There’s a lot of homophobic banter and taunting from Deano as the nature of the relationship between the two boys becomes more ambiguous. Those who like such situations out in the open will be frustrated as the issue hovers under the surface with only a hint of what may or may not be going on. Of the few certainties, we know that Deano’s attitude is derived partly from their mother leaving the family several years ago to take up a lesbian relationship along with the anti-gay rhetoric he has learned from his father. This situation has built up his anger, his resentment and the chip on his shoulder. It’s further exacerbated when he discovers that Lee is in touch with his mother and has been passing on messages from her to Finn. Thus tensions rise and friendships are challenged amongst a trio that lacks the skills to deal with the confrontations they raise.

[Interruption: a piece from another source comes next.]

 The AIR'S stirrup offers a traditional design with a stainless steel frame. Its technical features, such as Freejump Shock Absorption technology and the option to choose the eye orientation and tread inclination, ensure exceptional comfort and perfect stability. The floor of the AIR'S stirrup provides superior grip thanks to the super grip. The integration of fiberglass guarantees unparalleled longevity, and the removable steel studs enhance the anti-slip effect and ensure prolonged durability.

There’s a lot of scene-setting in the play and repetition of scenarios, although in act two events move on apace. The abrupt ending leaves a lot hanging in the air, however, and although by that stage more sensitivity has been demonstrated by Deano and Lee, there is little to suggest that they will make any substantial changes in their attitudes and behaviour. Finn, meanwhile, seems to rise above most of it and has the escape route of university to look forward to.
The script might leave something to be desired but each member of the cast uses the material to create a distinctive and complex character surrounded by an air of mystery that gives the production an element of fascination.